The real revolution would be if Mamata and her ministers all cycled to work.

Cancer ward

Some people choose to remain silent about their cancer. Others, such as Mary Archer, 56, wife of the author (Lord) Jeffrey Archer — he included Calcutta on his book tour in March this year — speak out in the hope it will help others.

The first sign something was wrong was when she noticed blood in her urine. “Blood in the urine is a symptom of nothing more serious than an infection,” she said in an interview.

But in her case it was far more than a routine infection. “The tests came back. It was bladder cancer.”

Mary, a research scientist who dabbled with dangerous chemicals in her younger days as a chemist, added: “There are various grades of the cancer: low, medium and high. I was diagnosed with aggressive high-grade bladder cancer but it had been caught at an early stage.”

Doctors removed her infected bladder and created a new one from her small intestine.

She had married Jeffrey, now 71, when she was 21. Despite all the problems caused by her husband’s periodic wayward behaviour, the marriage had survived. During her treatment for cancer, he had stuck by her.
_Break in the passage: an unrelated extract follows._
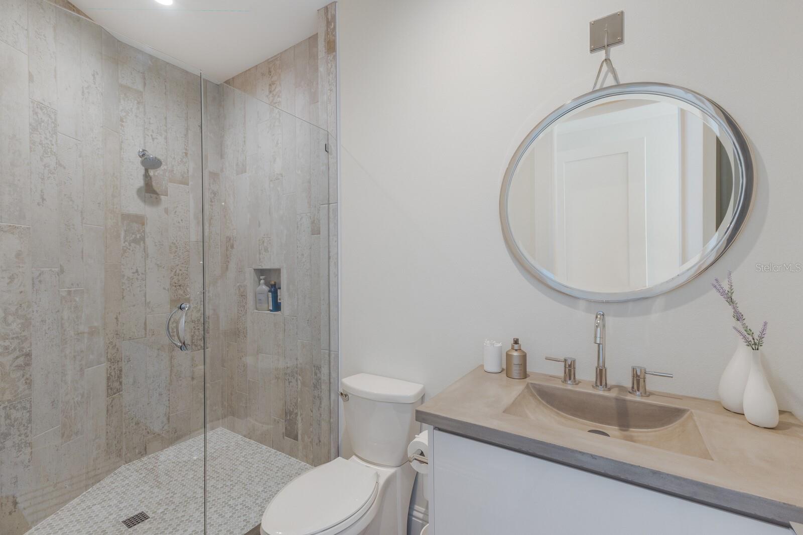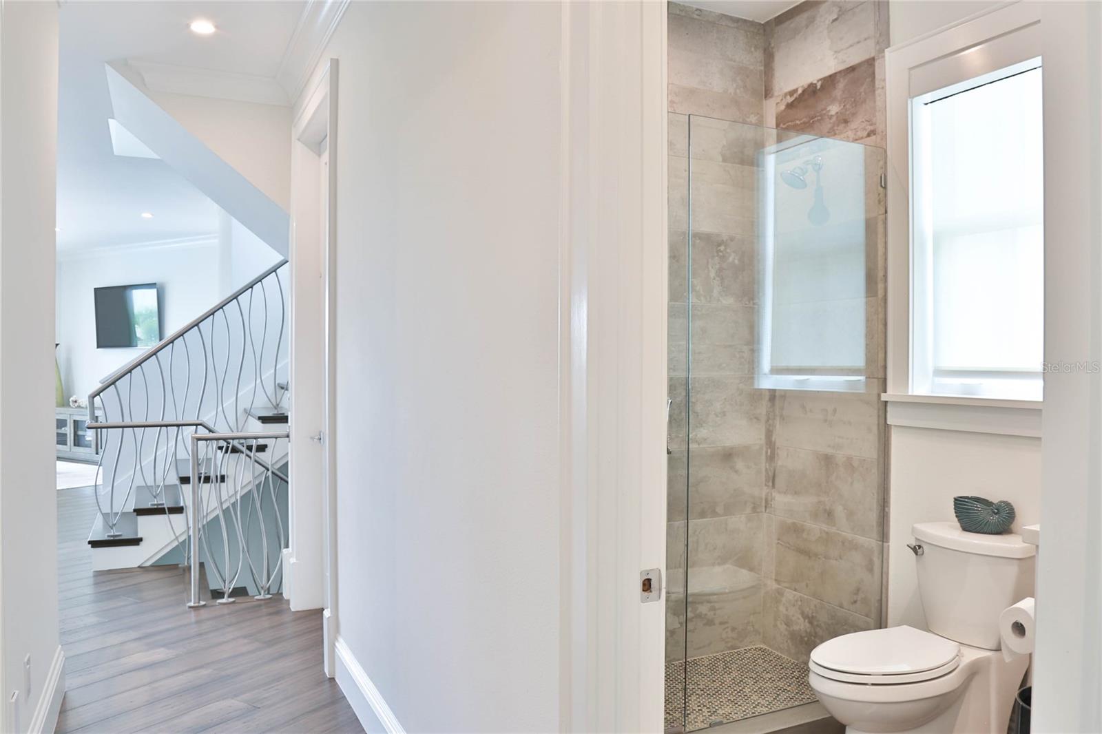 Exterior: Balcony, Lighting, Outdoor Shower, Private Mailbox, Rain Gutters, Sliding Doors

“I think one of the downsides of the sort of obsession with romantic love and personal fulfilment is that the plain fact of the matter is that those feelings don’t last forever and so they better be replaced and reinforced by things that do,” said Mary. “I would have thought it’s generally the case that most long marriages have become comfortable fits as much as anything else.”

Tittle tattle

Is the media guilty of double standards? It takes the view that looting in London is bad; but looting in Libya, especially of Gaddafi’s lair, is good.

It seems the Libyan leader fantasised about Condoleezza Rice, the former US secretary of state, and kept an album full of her pictures.

“Leezza, Leezza, Leezza... I love her very much,” he declared in one interview. “I admire her and I’m proud of her because she’s a black woman of African origin.”